Work instruction: Lower down are entries containing pictures. Copy exactly, without those pictures, the lines from the line with "La scène présente" through the line with "毎日、または定期的にある仕事".

Information shown:

━━━━━━━━━━

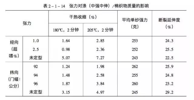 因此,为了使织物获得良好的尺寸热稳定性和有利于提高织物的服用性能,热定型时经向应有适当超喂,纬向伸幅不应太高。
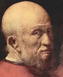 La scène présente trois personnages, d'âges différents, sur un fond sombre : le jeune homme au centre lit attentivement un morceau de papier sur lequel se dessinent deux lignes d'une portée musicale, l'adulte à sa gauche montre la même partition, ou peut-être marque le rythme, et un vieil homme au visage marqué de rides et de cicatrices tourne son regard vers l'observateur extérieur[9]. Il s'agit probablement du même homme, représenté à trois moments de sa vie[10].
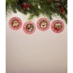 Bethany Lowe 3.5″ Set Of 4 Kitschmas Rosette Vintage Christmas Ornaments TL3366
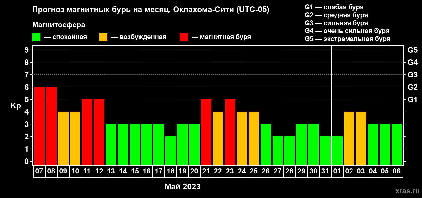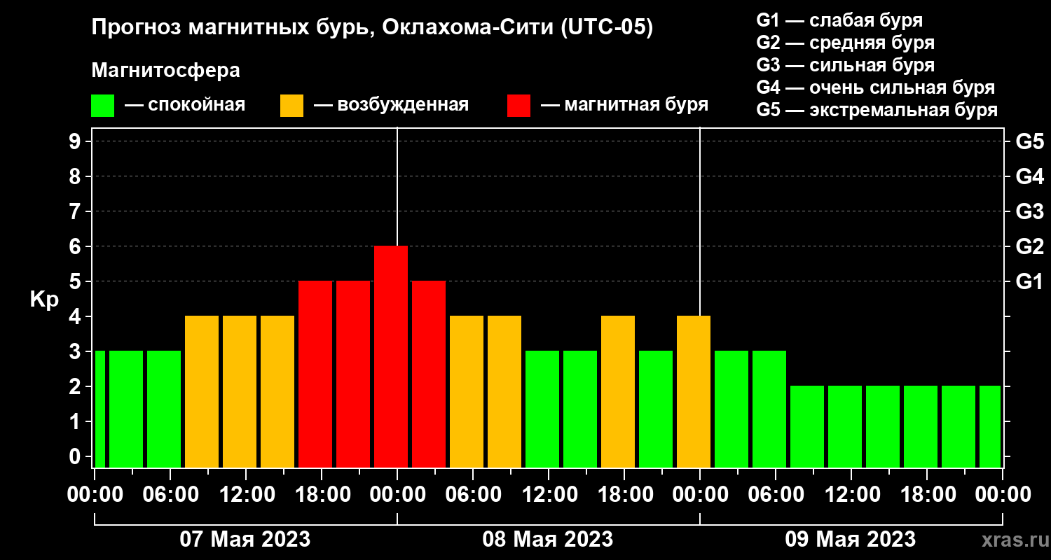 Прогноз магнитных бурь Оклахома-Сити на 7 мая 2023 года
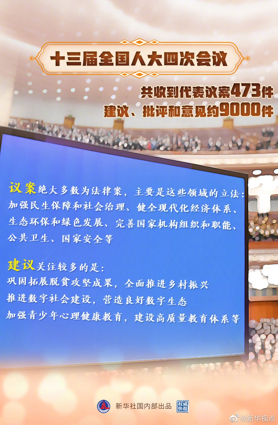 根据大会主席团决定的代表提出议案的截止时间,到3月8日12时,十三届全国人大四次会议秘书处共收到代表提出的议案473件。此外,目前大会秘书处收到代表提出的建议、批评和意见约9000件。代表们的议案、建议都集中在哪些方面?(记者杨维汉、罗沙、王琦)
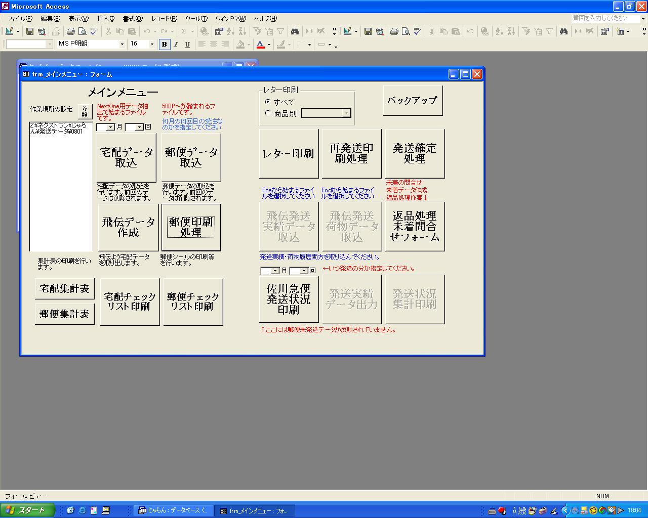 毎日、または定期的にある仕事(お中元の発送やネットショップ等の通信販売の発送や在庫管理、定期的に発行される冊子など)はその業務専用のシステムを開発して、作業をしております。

━━━━━━━━━━

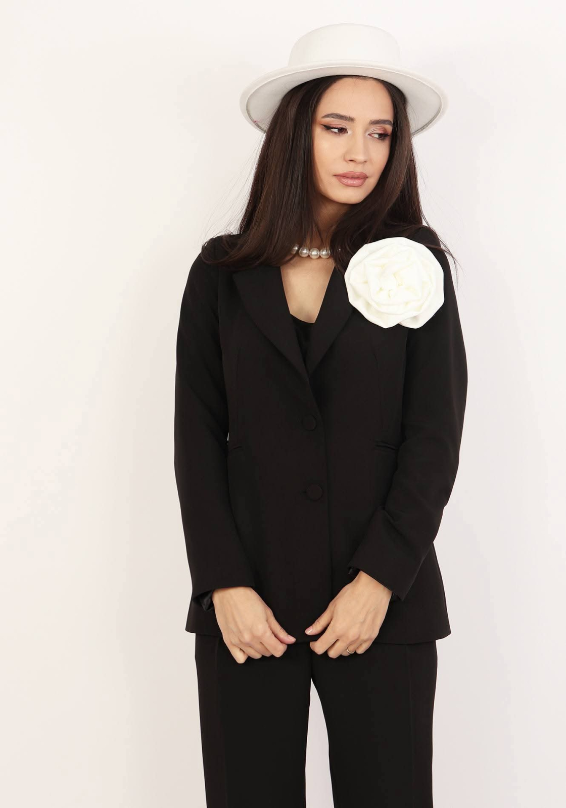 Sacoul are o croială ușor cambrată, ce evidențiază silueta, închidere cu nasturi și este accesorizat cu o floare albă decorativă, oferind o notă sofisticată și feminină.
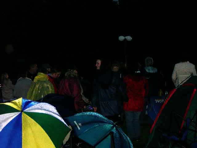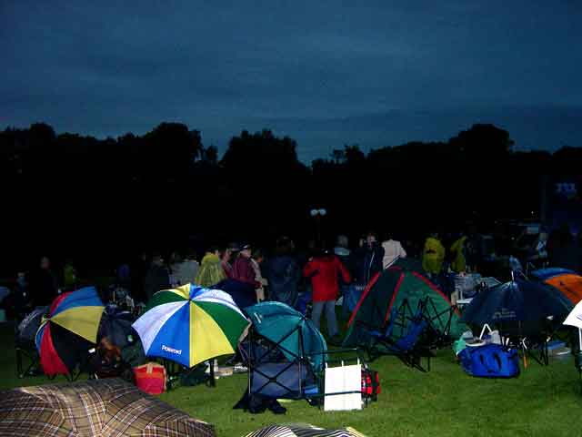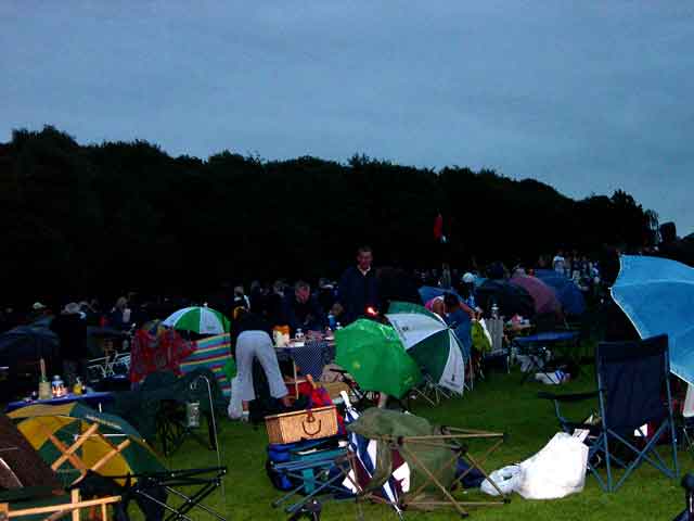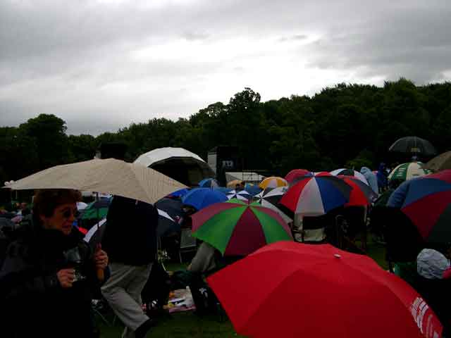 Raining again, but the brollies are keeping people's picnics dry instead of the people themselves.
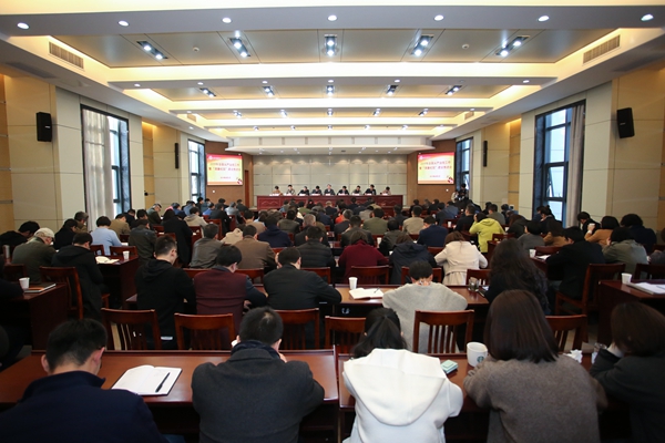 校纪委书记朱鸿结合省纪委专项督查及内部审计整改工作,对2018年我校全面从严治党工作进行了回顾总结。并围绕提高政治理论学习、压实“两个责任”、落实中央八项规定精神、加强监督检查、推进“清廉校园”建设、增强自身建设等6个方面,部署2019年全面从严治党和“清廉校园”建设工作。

━━━━━━━━━━

Response below:
 La scène présente trois personnages, d'âges différents, sur un fond sombre : le jeune homme au centre lit attentivement un morceau de papier sur lequel se dessinent deux lignes d'une portée musicale, l'adulte à sa gauche montre la même partition, ou peut-être marque le rythme, et un vieil homme au visage marqué de rides et de cicatrices tourne son regard vers l'observateur extérieur[9]. Il s'agit probablement du même homme, représenté à trois moments de sa vie[10].
 Bethany Lowe 3.5″ Set Of 4 Kitschmas Rosette Vintage Christmas Ornaments TL3366
 Прогноз магнитных бурь Оклахома-Сити на 7 мая 2023 года
 根据大会主席团决定的代表提出议案的截止时间,到3月8日12时,十三届全国人大四次会议秘书处共收到代表提出的议案473件。此外,目前大会秘书处收到代表提出的建议、批评和意见约9000件。代表们的议案、建议都集中在哪些方面?(记者杨维汉、罗沙、王琦)
 毎日、または定期的にある仕事(お中元の発送やネットショップ等の通信販売の発送や在庫管理、定期的に発行される冊子など)はその業務専用のシステムを開発して、作業をしております。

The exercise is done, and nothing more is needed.